Entirely natural compounds of strontium (including strontium lactate, strontium gluconate, and strontium carbonate) as well as the semi-synthetic compound strontium ranelate have all been used to good effect by various researchers. But this does not necessarily mean that these studies are generalizable to one another.
As to natural strontium: Mayo Clinic researchers noted clinical and x-ray improvement in severe osteoporosis with strontium lactate (footnote 4 to the Article below); Dr. Marie reported significant microscopic improvement in bone with the use of strontium carbonate (footnote 6 to the Article below); Dr. Jonathan Wright has observed significant improvement in bone-density with the use of strontium citrate. These observations about natural strontium, however, are not precisely the same as those made about the semi-synthetic compound, strontium ranelate, which has been the subject of placebo-controlled, double-blind studies differing from the studies of others. Each piece of research should be judged on its own merits. Despite distinctions among these studies, Dr. Wright’s conclusion about strontium compounds remains the same: strontium compounds are highly efficacious in preventing and combating osteoporosis.
Below is a letter from a lawyer representing financial interests behind a patented semi-synthetic compound of strontium. You may read this letter or jump straight to Dr. Wright’s article.
We are writing on behalf of Les Laboratoires (“Sevier”). Over the past several years, Servier has conducted several clinical studies of a new patented molecule called strontium ranelate (the “Servier Studies”).
It has recently come to our attention that you are citing the Servier Studies in literature posted on your Web site in connection with the promotion of stontium mineral supplements manufactured by Advanced Orthomolecular Research (“AOR”). The article on your Web site that makes these claims is entitled “Fight, even prevent, osteoporosis with the hidden secrets of this bone-building micacle mineral” and is by Jonathan V. Wright (the “Content”).
The Content refers to the Servier Studies as support for its erroneous claims about strontium. In fact, the Servier Studies were conducted only with strontium ranelate, not strontium. Moreover, strontium ranelate is not currently approved for sale in the United States for the treatment of osteoporosis. The Content states:
In a three-year, randomized, double-blind, placebo controlled study using 680 milligrams of strontium daily, women suffering from osteoporosis experienced a 41 percent reduction in risk of a vertebral fracture, compared with placebo. And, overall vertebrae density in the strontium group increased by 11.4 percent but there was a 1.3 percent decrease in the placebo group.
However, this study, Servier’s Phase III “SOTI” Study, was conducted only with strontium ranelate, not strontium alone, and does not support any claims about strontium standing alone.
In a second study published last year, 353 women who had suffered at least one vertebral fracture due to osteoporosis took varying levels of strontium ranelate or a placebo.
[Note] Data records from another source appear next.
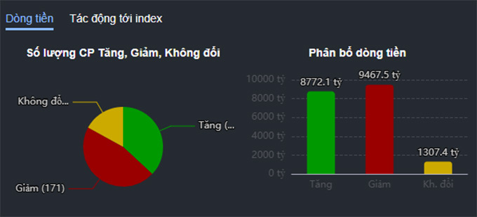 Điều này phản ánh thực tế: dù chỉ số tăng, nhưng mức tăng chủ yếu đến từ một số cổ phiếu trụ, thay vì sự lan tỏa toàn thị trường.
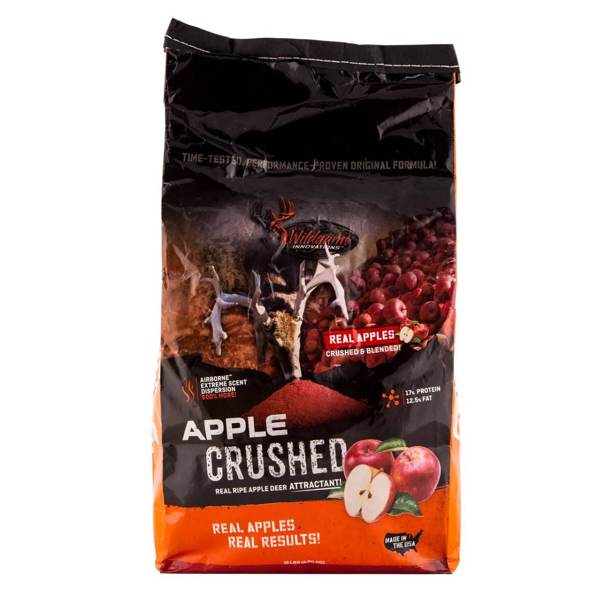 Deer go wild for the sweet aroma and delicious taste of ripe, juicy apples, and now Wildgame Innovations is bringing the orchard to you with Apple Crushed. We take fresh, all-natural ripe apples then crush ’em with a blend of nutrient-filled proteins and fats. The end result is an irresistible deer feed that will grow monster trophy bucks. Airborne Technology distributes 600% more scent molecules than ordinary feed grains to attract deer with an apple scent over crazy long distances at super-sonic speeds. Unleash a whole bushel of attractant power with Apple Crushed attractant.
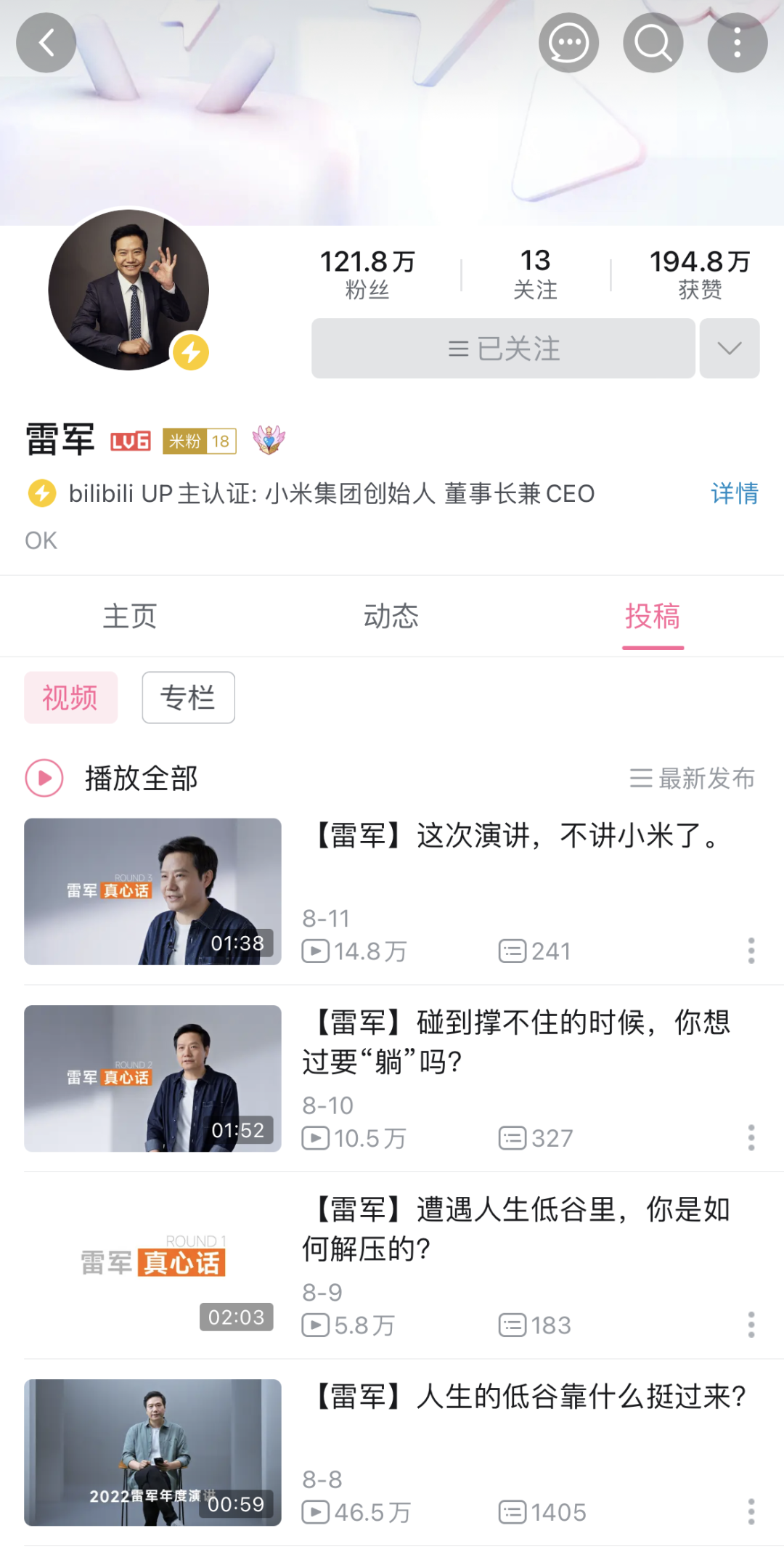 而在小米公司的企业账号,还有《雷军真心话》《雷军请你超大杯》等专辑内容,以及官方恶搞鬼畜的R U OK、雷总唱过的歌、雷总教你读古诗、雷总教你科学化妆等内容。
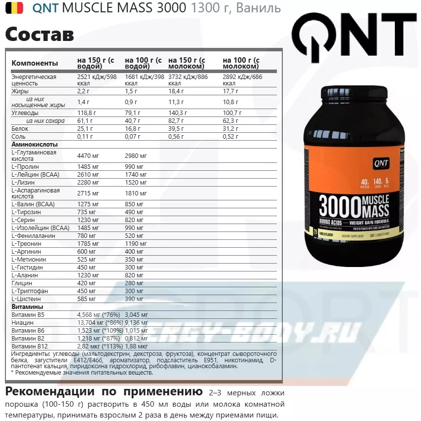 Когда простой еды не достаточно стимулировать набор мышечного веса, гейнер Weight Gain 3000 ваш надежный партнер. Используя все нужные ингредиенты, этот гейнер снабжает быстро-абсорбируемые сахара и комплексные углеводы для пополнения запасов печеночного гликогена. Произведённый из концентрата сывороточного протеина, он предотвращает мышечный катаболизм в конце тренировки. Также, добавленные витамины обеспечат ассимиляцию и баланс всех активных ингредиентов.
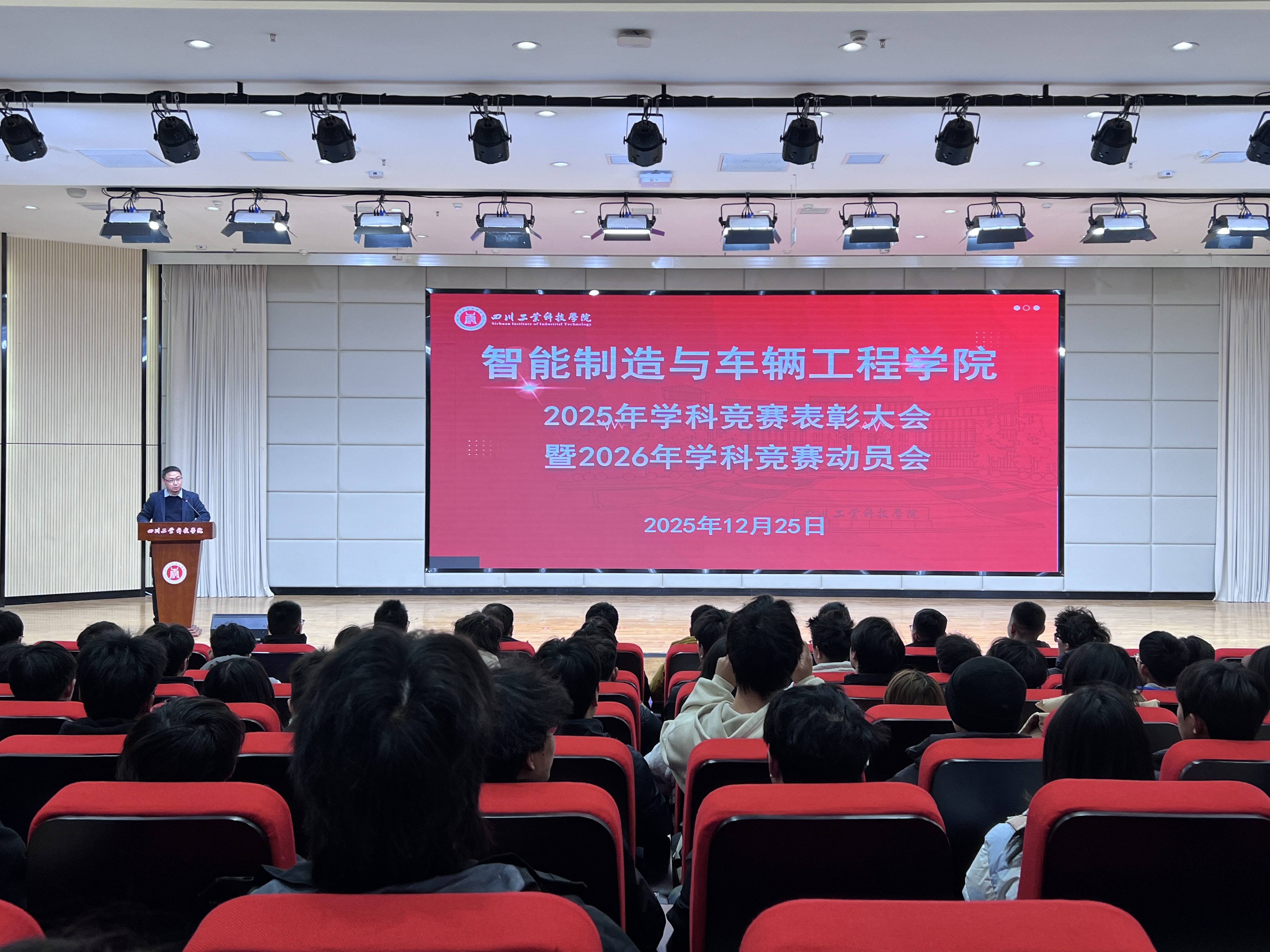 12月25日下午,智能制造与车辆工程学院在龑江C区报告厅举行2025年度学科竞赛表彰大会暨2026年动员会。学院院长袁新、部分行政人员、教师代表及获奖学生参加会议。会议由教学办副主任刘家麟主持。
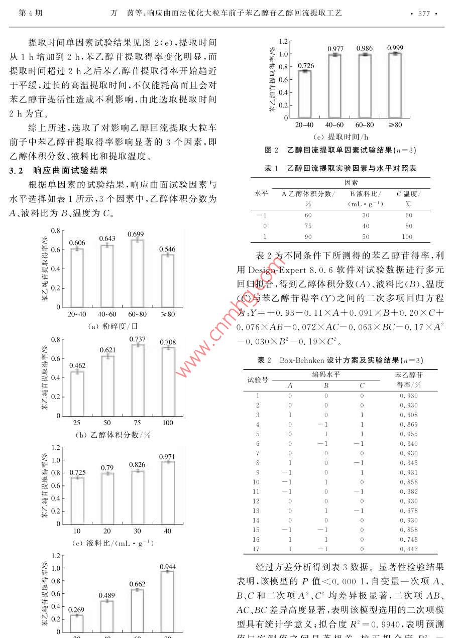 響應(yīng)曲面法優(yōu)化大粒車前子苯乙醇苷乙醇回流提取工藝

The women who took 680 milligrams of strontium daily had an increase in lumbar bone mineral density of approximately 3 percent per year, significantly greater than placebo. By the second year of the study, there was a significant decrease in additional fractures in the strontium group as compared with the placebo group.
This paragraph refers to Servier’s Phase II “STRATOS” Study, which was also conducted using strontium ranelate. This paragraph initially refers to strontium ranelate, but continues to refer only to “strontium” and does not explain what strontium ranelate is. The clear message of this paragraph is that the results apply to strontium. They do not. Even in the unlikely event a few readers will appreciate that the study relates to strontium ranelate and not strontium, the Content creates the impression that the AOR mineral supplements were the subject of the Servier Study.
Finally, the Content states:
A final 2002 publication examined the effects of strontium on early postmenopausal bone loss. In this randomized, double-blind, placebo-controlled trial, 160 women whose menopause had occurred naturally six months to five years previously and who did not have osteoporosis were asked to take placebo or varying amounts of strontium daily. Compared to the placebo group, women who took 340 milligrams strontium a day had a significant increase in bone mineral density in two years’ time. All groups also took 500 milligrams of calcium daily, but no hormones or vitamin D.
This paragraph refers to Sevier’s Phase II “PREVOS” Study, which, again, was conducted with strontium ranelate, not strontium.
In short, the Content relies on tests conducted only on strontium ranelate to support claims about the effectiveness of strontium. Strontium was not the subject of these clinical trials and has notbeen demonstrated to have the effects reported in the Content. Furthermore, even strontium ranelate is not currently approved for sale in the United States as a treatment for osteoporosis. While the Servier Studies are lawful, scholarly articles published in peer-reviewed professional literature, the Content is part of an unlawful marketing effort directed to the general public to promote an unapproved drug.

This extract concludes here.